§ **Action item**
All of the data below is to be repeated exactly, except for the pictures.
= = = = =
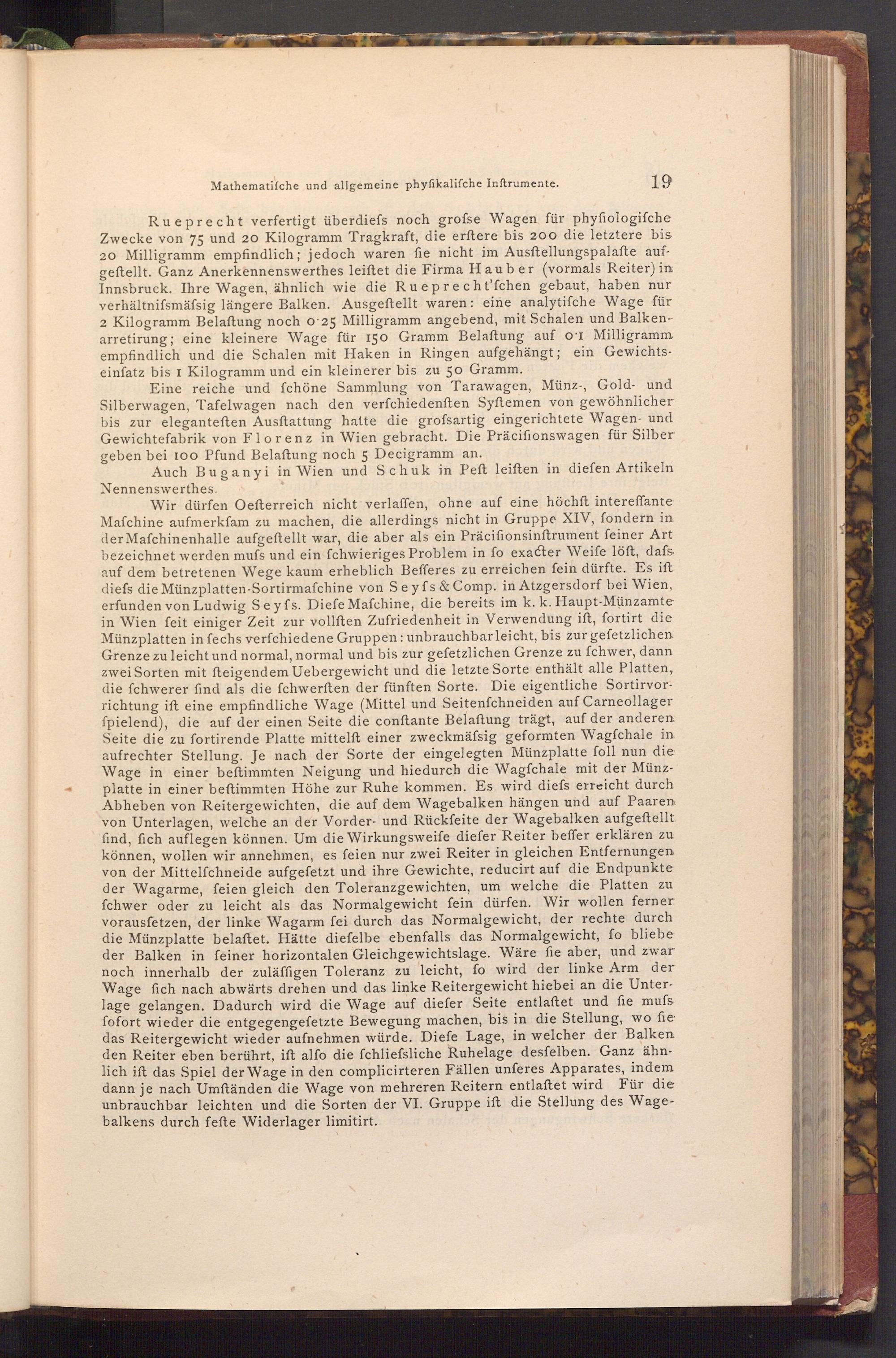 Rueprecht verfertigt überdiefs noch grofse Wagen für phyfiologifche Zwecke von 75 und 20 Kilogramm Tragkraft, die erftere bis 200 die letztere bis 20 Milligramm empfindlich; jedoch waren fie nicht im Ausftellungspalafte aufgeftellt. Ganz Anerkennenswerthes leiftet die Firma Hauber( vormals Reiter) in Innsbruck. Ihre Wagen, ähnlich wie die Rueprecht'fchen gebaut, haben nur verhältnifsmäfsig längere Balken. Ausgeftellt waren: eine analytifche Wage für 2 Kilogramm Belaftung noch o 25 Milligramm angebend, mit Schalen und Balkenarretirung; eine kleinere Wage für 150 Gramm Belaftung auf o'1 Milligramm empfindlich und die Schalen mit Haken in Ringen aufgehängt; ein Gewichtseinfatz bis I Kilogramm und ein kleinerer bis zu 50 Gramm.
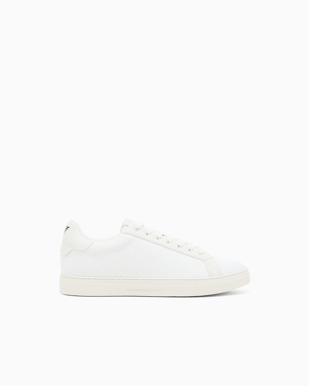 Jacquard nylon sneakers with matching enamelled eyelets on the uppers. These minimalist, modern sneakers are perfect for everyday city wear. This item features a tone-on-tone, all-over iconic eagle, along with leather details and back. This item belongs to the Essentials selection, the Emporio Armani capsule collection that is an evergreen statement of style: an ongoing collection with clean, well-designed shapes for a wardrobe that meets the demands of any season. Nylon uppers Jacquard All-over eagle Leather details Rounded toe Lace-up fastening Rubber soles Made in Italy Product Code: EM003843AF20003M0107
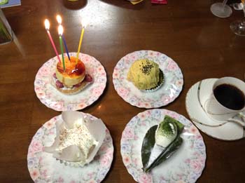 昨日は私の誕生日パーティを家族が開いてくれた。息子も来てくれていて、近くの銭湯で待ち合わせてひとっ風呂あび、その後、ビールとスパークリングワインを呑みながら妻がつくった夕飯を食べて、ケーキを食べて・・・ こんな時間が一番幸せです。
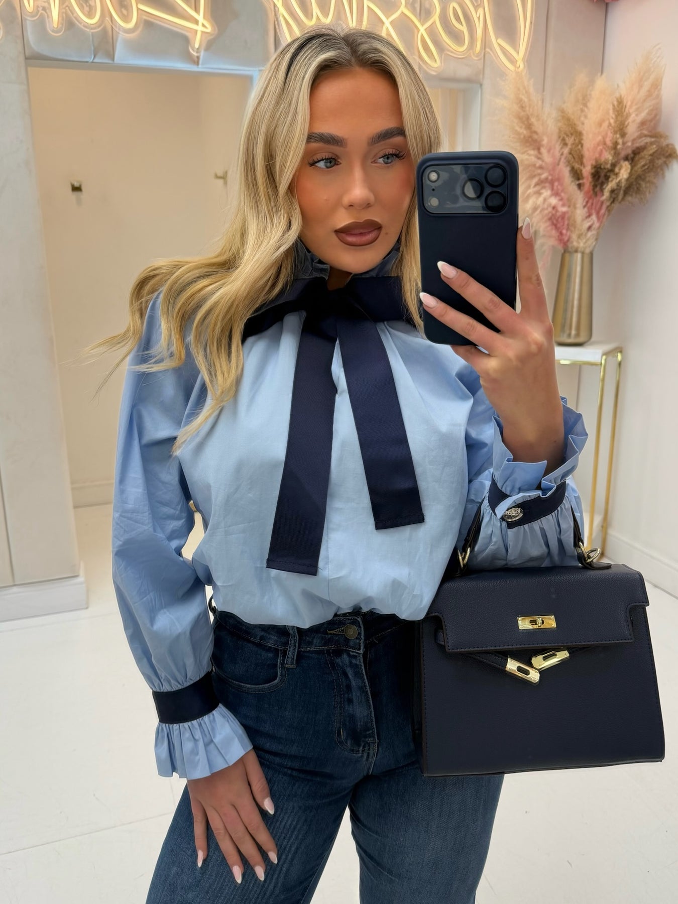 VICKY BLUE SHIRT WITH NAVY TIE
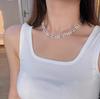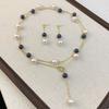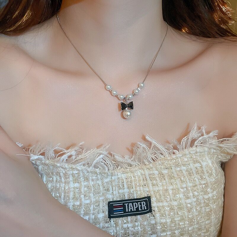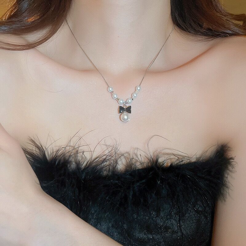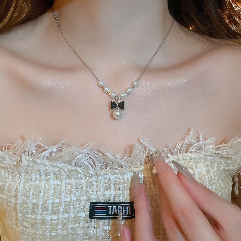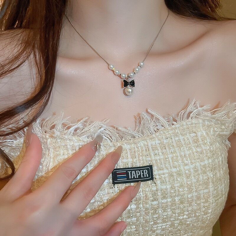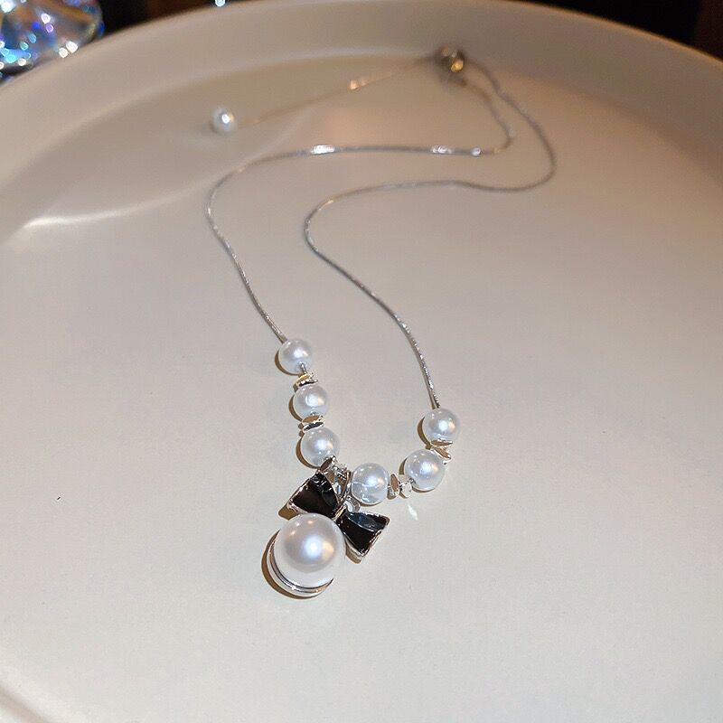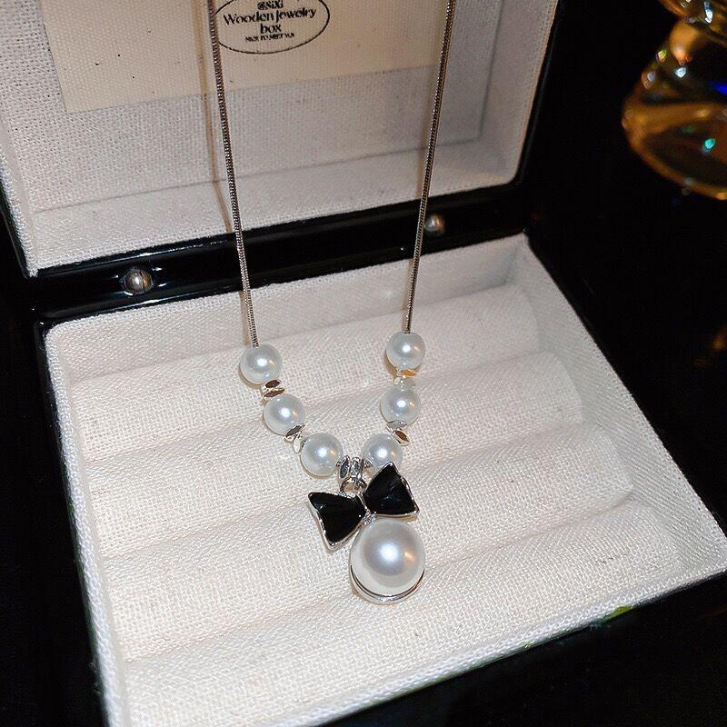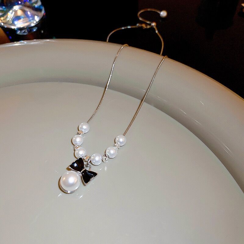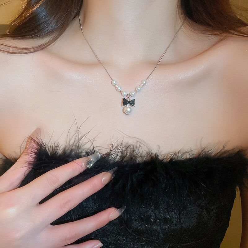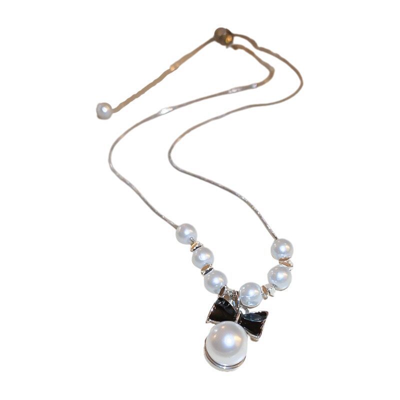 Collar con colgante de perla y lazo para mujer, cadena de suéter ligera de lujo con nicho, accesorios de collar populares para otoño e invierno 2024.
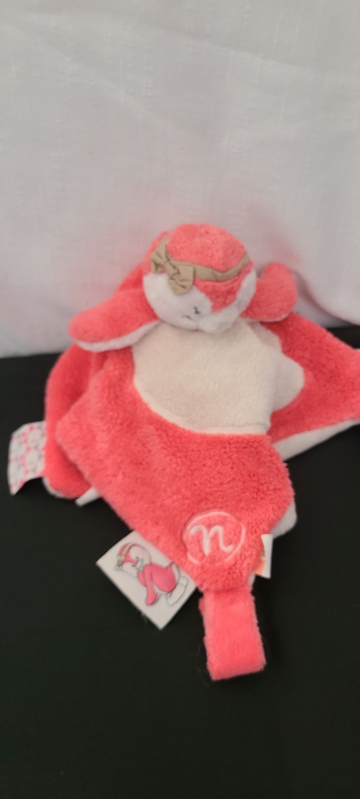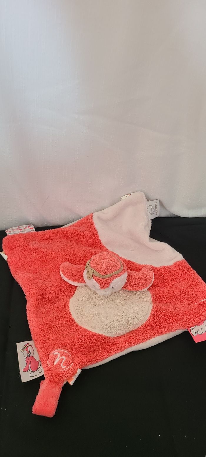 Doudou plat carré oiseau pingouin rose beige Daisy et Coco NOUKIE'S
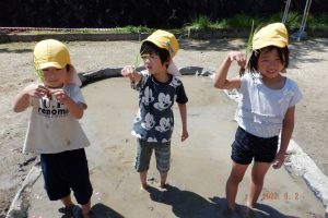 ・田んぼに水が加わるにつれて、様子や感触が違うことに気付いていった子ども達、遊びながら徐々に田んぼらしい田んぼになっていった。
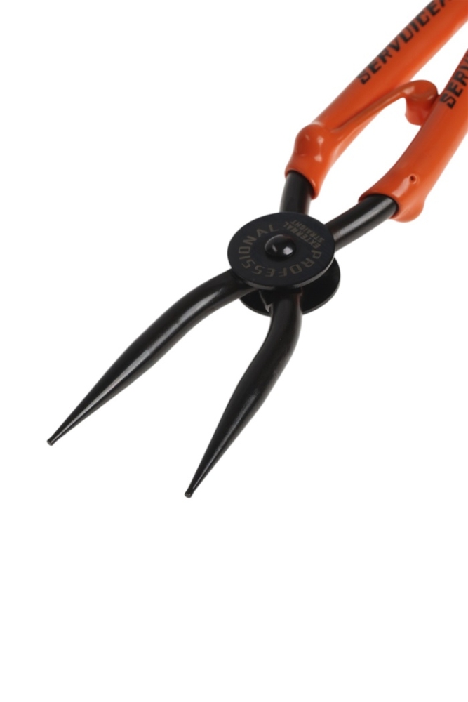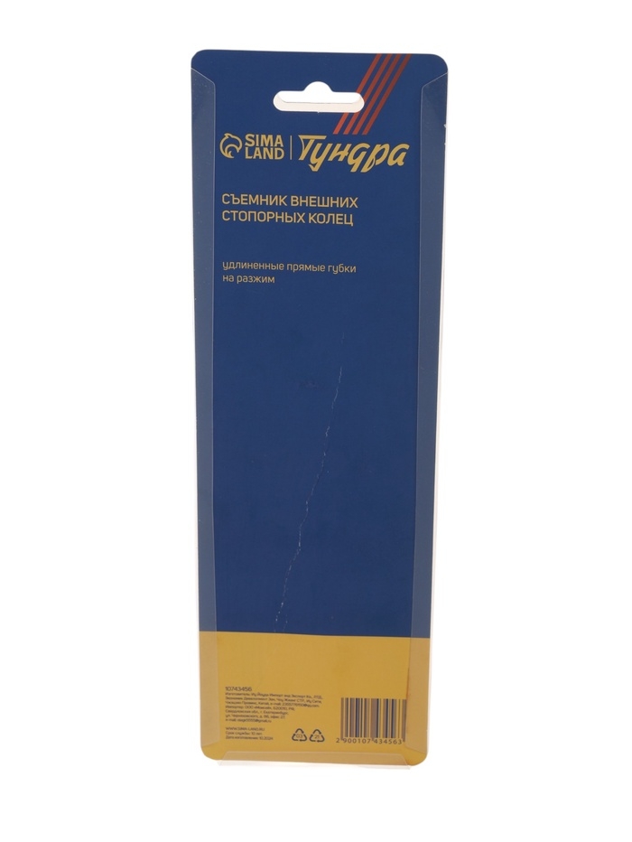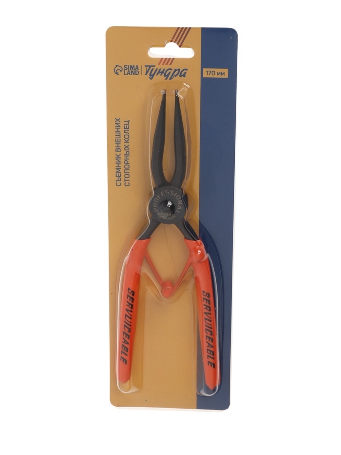 Съемник внешних стопорных колец ТУНДРА, удлиненные прямые губки на разжим, 190 мм
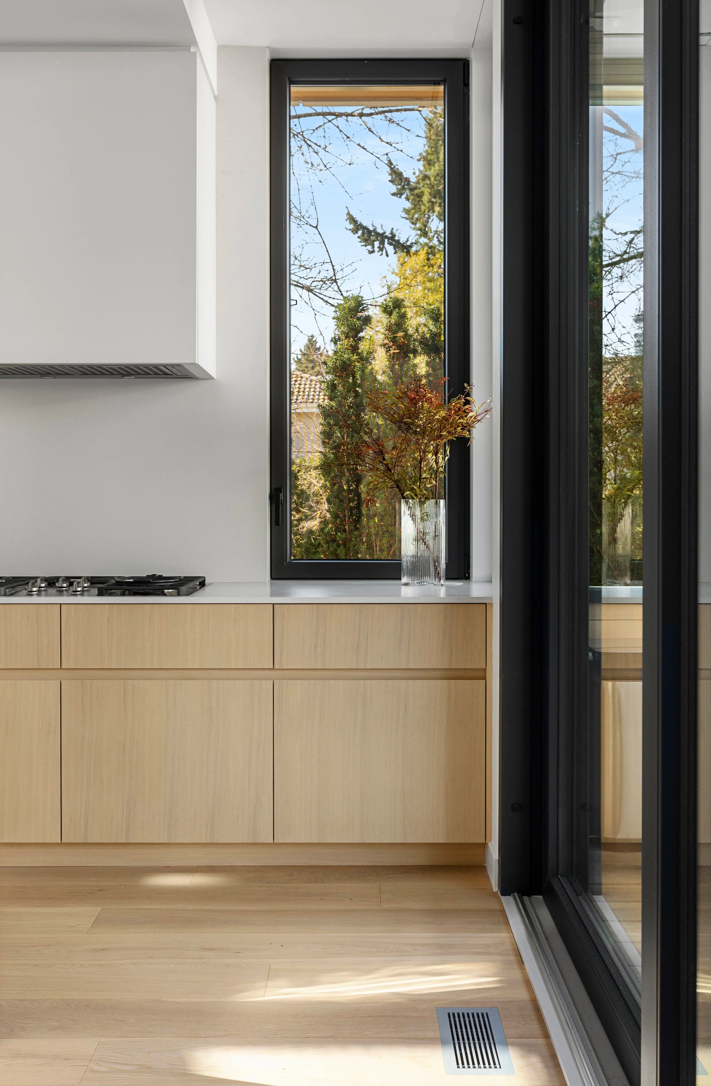 This project features a contemporary residential interior in Vancouver, designed for a young family with a focus on spaciousness and natural light. The open floor plan connects living areas to improve flow and everyday functionality. Storage was a key priority, so we created smart, integrated solutions to accommodate the family’s love of outdoor activities such as camping and sports. Custom cabinetry provides both ample storage and visual consistency, while streamlined furnishings support a clean, minimalist look. Playful elements add warmth to the design, balancing sophistication with a family-friendly atmosphere. Smart home technology offers convenience without compromising design integrity, while a neutral palette and subtle detailing establish a calm, balanced environment suited to modern family living.
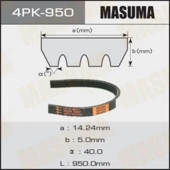 Ремень поликлиновой 4PK- 950 MASUMA 4PK950 (11920AG900, 56992PY3004, BPF315909A)
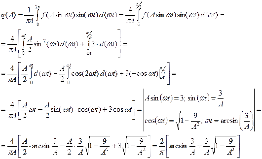 где В данном случае рассматривается нелинейный элемент типа «насыщение», описываемый однозначной нелинейностью. Для всех однозначных нелинейностей
= = = = =
§ **Problem solution**
 Rueprecht verfertigt überdiefs noch grofse Wagen für phyfiologifche Zwecke von 75 und 20 Kilogramm Tragkraft, die erftere bis 200 die letztere bis 20 Milligramm empfindlich; jedoch waren fie nicht im Ausftellungspalafte aufgeftellt. Ganz Anerkennenswerthes leiftet die Firma Hauber( vormals Reiter) in Innsbruck. Ihre Wagen, ähnlich wie die Rueprecht'fchen gebaut, haben nur verhältnifsmäfsig längere Balken. Ausgeftellt waren: eine analytifche Wage für 2 Kilogramm Belaftung noch o 25 Milligramm angebend, mit Schalen und Balkenarretirung; eine kleinere Wage für 150 Gramm Belaftung auf o'1 Milligramm empfindlich und die Schalen mit Haken in Ringen aufgehängt; ein Gewichtseinfatz bis I Kilogramm und ein kleinerer bis zu 50 Gramm.
 Jacquard nylon sneakers with matching enamelled eyelets on the uppers. These minimalist, modern sneakers are perfect for everyday city wear. This item features a tone-on-tone, all-over iconic eagle, along with leather details and back. This item belongs to the Essentials selection, the Emporio Armani capsule collection that is an evergreen statement of style: an ongoing collection with clean, well-designed shapes for a wardrobe that meets the demands of any season. Nylon uppers Jacquard All-over eagle Leather details Rounded toe Lace-up fastening Rubber soles Made in Italy Product Code: EM003843AF20003M0107
 昨日は私の誕生日パーティを家族が開いてくれた。息子も来てくれていて、近くの銭湯で待ち合わせてひとっ風呂あび、その後、ビールとスパークリングワインを呑みながら妻がつくった夕飯を食べて、ケーキを食べて・・・ こんな時間が一番幸せです。
 VICKY BLUE SHIRT WITH NAVY TIE
 Collar con colgante de perla y lazo para mujer, cadena de suéter ligera de lujo con nicho, accesorios de collar populares para otoño e invierno 2024.
 Doudou plat carré oiseau pingouin rose beige Daisy et Coco NOUKIE'S
 ・田んぼに水が加わるにつれて、様子や感触が違うことに気付いていった子ども達、遊びながら徐々に田んぼらしい田んぼになっていった。
 Съемник внешних стопорных колец ТУНДРА, удлиненные прямые губки на разжим, 190 мм
 This project features a contemporary residential interior in Vancouver, designed for a young family with a focus on spaciousness and natural light. The open floor plan connects living areas to improve flow and everyday functionality. Storage was a key priority, so we created smart, integrated solutions to accommodate the family’s love of outdoor activities such as camping and sports. Custom cabinetry provides both ample storage and visual consistency, while streamlined furnishings support a clean, minimalist look. Playful elements add warmth to the design, balancing sophistication with a family-friendly atmosphere. Smart home technology offers convenience without compromising design integrity, while a neutral palette and subtle detailing establish a calm, balanced environment suited to modern family living.
 Ремень поликлиновой 4PK- 950 MASUMA 4PK950 (11920AG900, 56992PY3004, BPF315909A)
 где В данном случае рассматривается нелинейный элемент типа «насыщение», описываемый однозначной нелинейностью. Для всех однозначных нелинейностей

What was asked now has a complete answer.